> **What is being asked**: Write the listing out again word for word. Pictures do not belong in the copy.

> **Source material**:
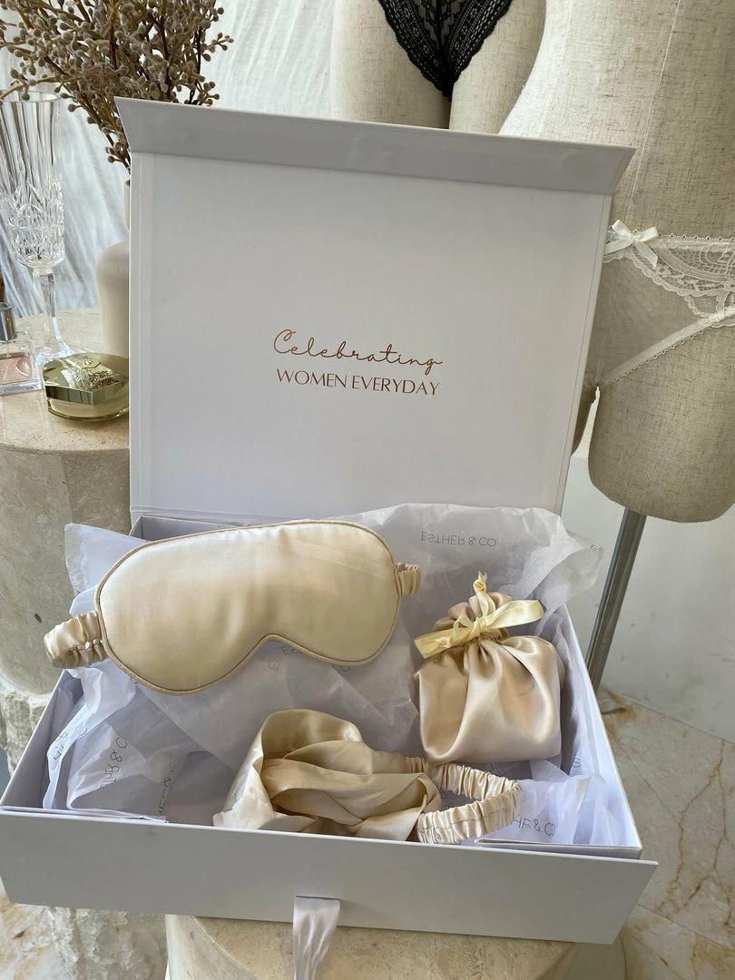 Our Satin Eye Mask Pack in Champagne is the perfect accessory to up your sleep game. Included in this gorgeous pack in a satin eye mask, headband, and bag. These eye masks are perfect for sleeping in!
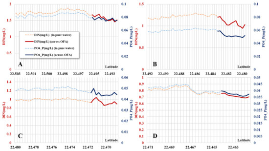 Nutrient concentrations at four perpendicular lines. (A–D) represent the results of the same four perpendiculars in Figure 18.
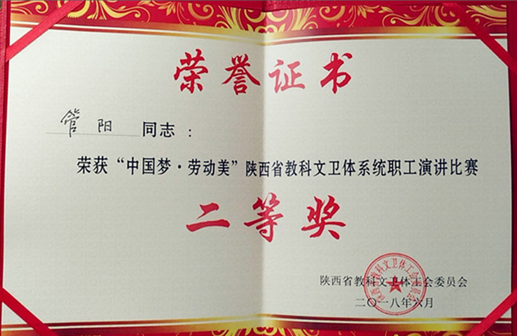6月5日至7日,由陕西省教科文卫体工会主办的2018“中国梦·劳动美”职工演讲比赛在西北大学举行,来自陕西省教科文卫体系统46家参赛单位的85名选手同台竞技,我院管阳老师代表学校参加比赛,并以总决赛第四名的优异成绩获得本次大赛的二等奖。

> **Finished exercise**:
 Our Satin Eye Mask Pack in Champagne is the perfect accessory to up your sleep game. Included in this gorgeous pack in a satin eye mask, headband, and bag. These eye masks are perfect for sleeping in!
 Nutrient concentrations at four perpendicular lines. (A–D) represent the results of the same four perpendiculars in Figure 18.
6月5日至7日,由陕西省教科文卫体工会主办的2018“中国梦·劳动美”职工演讲比赛在西北大学举行,来自陕西省教科文卫体系统46家参赛单位的85名选手同台竞技,我院管阳老师代表学校参加比赛,并以总决赛第四名的优异成绩获得本次大赛的二等奖。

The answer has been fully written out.